Escritora y periodista barcelonesa compuesta por dos personas, una buena y una mala... Alicia, la buena, apenas sale de casa. Cuida de sus orquídeas y hornea pasteles. Malicia, la mala, oficia misas negras y escribe novelas de terror erótico. Son hermanas siamesas y se odian tanto como se aman. El gran éxito de Alicia es su célebre tarta de manzana al estilo holandés, el de Malicia, sus novelas Violeta en el Jardín de Fuego (Applehead Team) y En Carne Extraña (Apache Libros) y su cuento infantil Gwendolina la niña vampira. La periodista mala también colabora en la revista on line dedicada a la literatura independiente Libros Prohibidos.

Palmira

Voy a hablar de ellos, de mis muertos.

De mi hermana Lourdes, que murió a los ocho años de un cólico miserere. Era la más bonita de todas, la única niña rubia y de ojos azules de la familia. No me acuerdo mucho de ella, sólo que era alegre y un poco caprichosa. Se fue un domingo a la hora del ángelus, con su cara de muñeca contraída por el dolor.

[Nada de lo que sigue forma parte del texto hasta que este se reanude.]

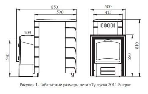 - Поліпшено умови проходження повітряного конвекційного потоку. Замість проходження через вентиляційні отвори в кожусі повітря вільно виходить по всьому верхньому периметру печі. У печі реалізована концепція термічної рівноміцності. Товщина деталей топки, схильних до найбільшого термічного і механічного навантаження збільшена в 1,5 раза. екранує інфрачервоне випромінювання від топки. Технічні характеристики Дров'яної печі для лазні ТермофорТУНГУСКАVITRA Антрацит (з виносом) з панорамним склом

De mi primer novio, Pascual. Trabajaba en la zapatería de sus padres y quería ser marino. Me prestaba libros que yo nunca leía, pero que aceptaba por educación. Enfermó de tuberculosis como sus dos hermanos y murió tres meses antes de la fecha de nuestra boda. Ya teníamos el piso apalabrado, una planta baja con geranios en los balcones y un columpio en el patio. A veces me pregunto quién vivirá ahora allí.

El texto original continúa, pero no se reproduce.